Zubayda Sutton, C&C parent and Athens-Clarke County resident, says about her two sons, both present and climbing that day, that over the years of participating in C&C she has, “seen their confidence and sense of responsibility grow.” Sutton recalls the time she chose to let go of her (completely rational) fear of letting her teenage son travel without her. Those familiar with C&C may remember the 2-week trip to Ethiopia Chess and Community and Global Education Foundation led back in 2017 with eight kids, one of whom was Sutton’s oldest son. “Were you nervous?” I asked. “Yes! I wanted to go! I was worried because he’d never left the country, flying all of that,” she laughed. “But I wasn’t gonna stop him from going, they had enough chaperones. Life said no parents and he was right.” She put her trust in the C&C chaperones to ease her worries and she says when Dionne returned, he “talked about the trip for days and showed us pictures and told us stories about the people and the structures.”

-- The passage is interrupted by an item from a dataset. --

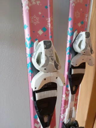 Esquís infantiles de 1.20 metros en buen estado. Listos para la nieve. - Diseño con motivos invernales en color rosa. - Fijaciones incluidas.
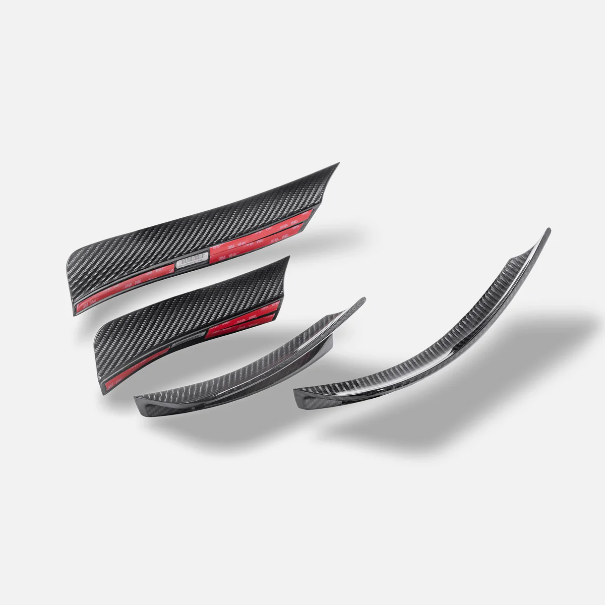 Manufactured using premium pre-preg carbon fiber, these dive planes offer exceptional strength and lightweight performance. The precision-engineered canards help guide airflow along the sides of the vehicle, increasing front-end grip and stability at higher speeds — making them a perfect addition for both track enthusiasts and aggressive street builds.

“It's not about how you fall- it's how you get back up.”

At the rock wall, LaRoche keeps spirits high, reminding everyone, “It's not about how you fall, it's how you get back up!” For the thirty or so middle and high schoolers, this day was a nice way to take a break from their virtual classes and C&C academic enrichment (one of which is virtual chess play Mondays after school-yes, prizes are awarded!) to spend some face-to-face, physically engaging time with their peers. I couldn’t help but admire the resilience of the C&C kids during these-dare I use the horribly worn out term-unprecedented times. LaRoche regularly urges the group to prioritize safety, bearing in mind the consequences of each of our actions. To adhere to social distancing guidelines in place at the gym, the kids take turns climbing in groups, while one group climbs the other waits outdoors on the court, occupied with basketball, the latest TikTok dances and of course- a chessboard. This group hardly ever fails to have a chess set ready for play. Bella,15, who is more active in the robotics club than the chess club says she managed to learn chess on the side during downtime at the robotics tournaments. That’s right, chess is encouraged but not mandated! The kids get options, for instance they may choose between public speaking or debate. The annual Chess and Community conference then spotlights a speech from one student each year. Through this ultimate test of public speaking confidence, students showcase trust in their selves and their capabilities!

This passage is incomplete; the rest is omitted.